• **DATA EXCERPT**:
=== Section Start ===

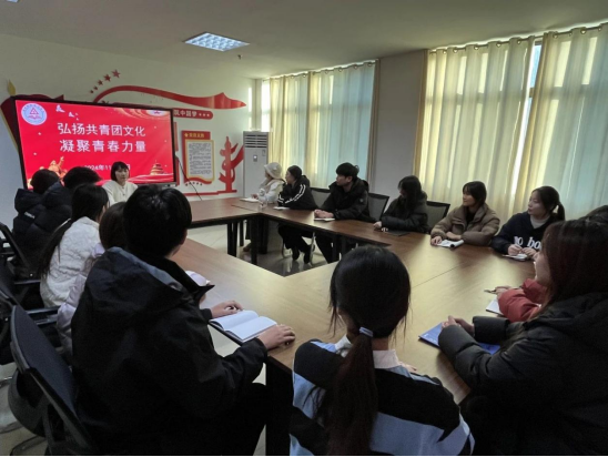 为使入团积极分子们深入理解共青团的内涵和价值,增强他们的认同感与归属感,11月26日,周口职业技术学院久久精品电影团总支在行政楼4楼党员活动室开展了入团积极分子培训第八讲“弘扬共青团文化,凝聚青春力量”。本次团课由团总支书记聂蕾主讲。
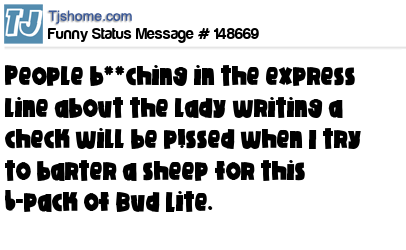 X says People b**ching in the express line about the lady writing a check will be p!ssed when I try to barter a sheep for this 6-pack of Bud Lite.
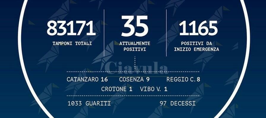 – Crotone: 1 in isolamento domiciliare; 112 guariti; 6 deceduti.
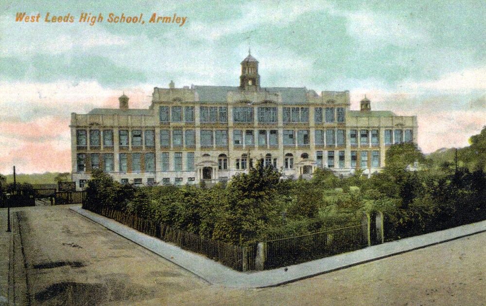1907 Tinted postcard view of West Leeds High School, situated off Tong Road.

=== Section End ===

• **TASK REQUIREMENTS**: Without changing a word, restate the listing above; the pictures stay out.

• **WRITTEN ANSWER**:
 为使入团积极分子们深入理解共青团的内涵和价值,增强他们的认同感与归属感,11月26日,周口职业技术学院久久精品电影团总支在行政楼4楼党员活动室开展了入团积极分子培训第八讲“弘扬共青团文化,凝聚青春力量”。本次团课由团总支书记聂蕾主讲。
 X says People b**ching in the express line about the lady writing a check will be p!ssed when I try to barter a sheep for this 6-pack of Bud Lite.
 – Crotone: 1 in isolamento domiciliare; 112 guariti; 6 deceduti.
1907 Tinted postcard view of West Leeds High School, situated off Tong Road.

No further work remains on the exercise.